Always the feeling reading a new book from Damien, those first few pages, is – wait – where is the flair? Where is the fabled genius; the pyrotechnics? Everything he said in that interview is imprinted on my brain – how to learn pace, to learn what a speed hump is in a narrative and how it affects what went before and what comes after. Critically, for all Damien’s characteristic understatement sentence by sentence, he is a plastic writer, a sculptor. How things look on the page, the interplay of paragraph size, the steady shrinkage of falling lines of dialogue when a conversation is dying or a disgreement winning – all this complex artistry of the visual and verbal is a vital part of the way he plays with our brains and hearts.
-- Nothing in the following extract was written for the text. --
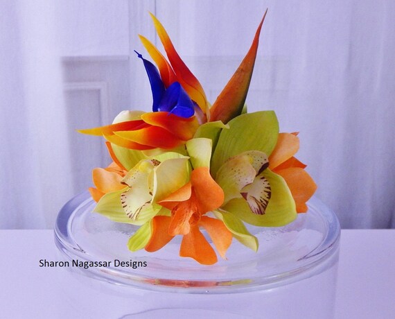 Orange Blue Green Tropical Bird Of Paradise Orchids Cake Etsy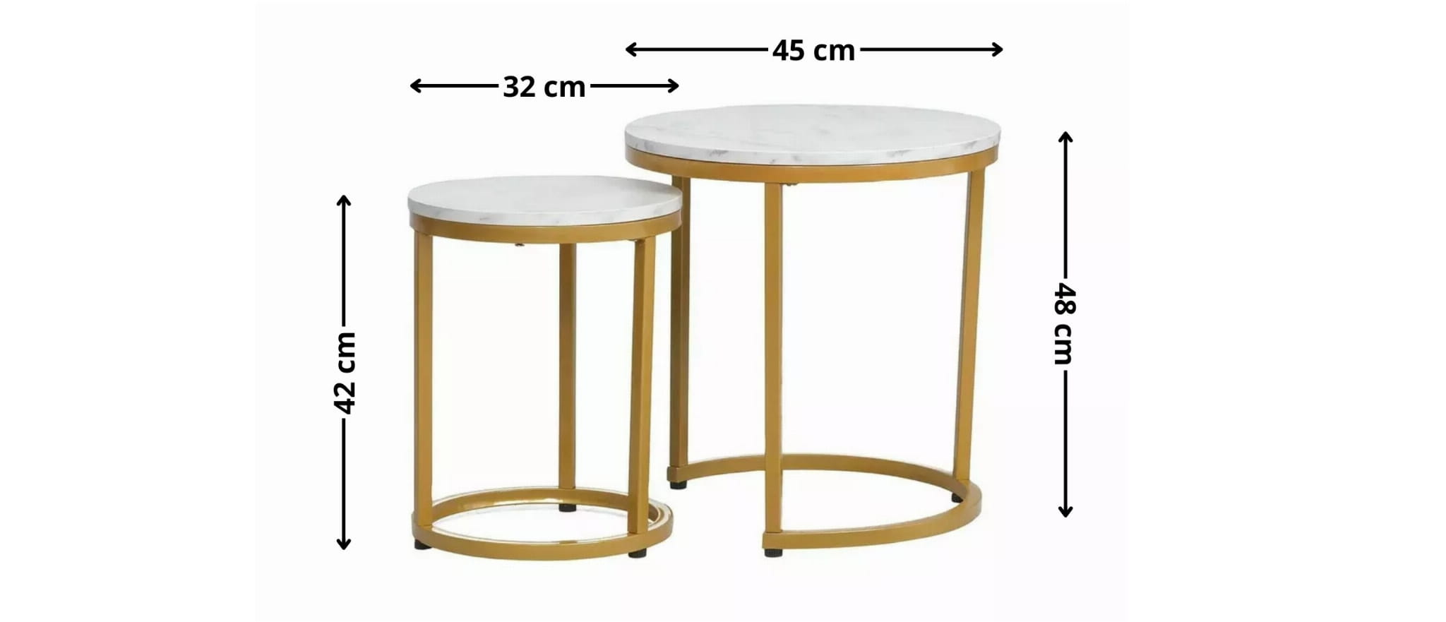 - Wymiary mniejszego stolika: średnica - 32, wysokość - 42cm

Damien thinks in chapters, he feels in whole novels, but he speaks in those simple sculptured sentences, smuggling in the pieces of something huge and potentially dangerous.
Another thing he told me that went into my brain without a ripple: “You give everyone their moment. So there’s no character in there who’s unredeemed by style. Even the peripheral characters; they just have a few lines to say, but I try to make the situation interesting or odd or amusing.” That last line hides the genius in what he said before: “there’s no character in there who’s unredeemed by style.” There are theses to be written about walk-ons in Wilkins. About how the redemption of character – no matter how peripheral – by style generates in his fiction this feeling of a deep-breathing patience, that is warm, ultimately heartless perhaps in the possible fates it might bestow, but, in the immediate, warm, sensitive, even kind.
That’s a key thing reading Damien – that simplicity, that offhandedness, is somehow some kind of a terrible lure into reading him simply, offhandedly, trusting him that he won’t hurt you, like we sometimes trust the world and simply live in its small moments, unaware of the stratospheric changes the world and Wilkins will wield upon us. Because hurt us both he and the world does. In Aspiring I was reminded of a phrase I read elsewhere – “nested, high-impact stimuli.” This seems a quiet book about a quiet boy (nearly seven feet tall) in a quiet town by a quiet, thousand-year-old lake. But as we read, comforted, soothed in detail, we suddenly have to remember where we put our feet. Masquerading as YA, it’s another Wilkins trick. Come in, he says, look at this and look at this, but don’t look over there, something’s coming. The sense of looming threat and dissolution – even if it’s only the routine disappointment of more life in a small town – is masterful and only exists because of this mastery of all the mundane and small that may be dissolved.
In our troubled times, Aspiring is a gorgeous reminder of what we stand to lose, of course an object correlative for a loss of innocence, and also a secular reminder to attempt to lift ourselves, to aspire, despite our bullies, despite our broken-hearted fathers, despite whatever’s happened or happening, again and again.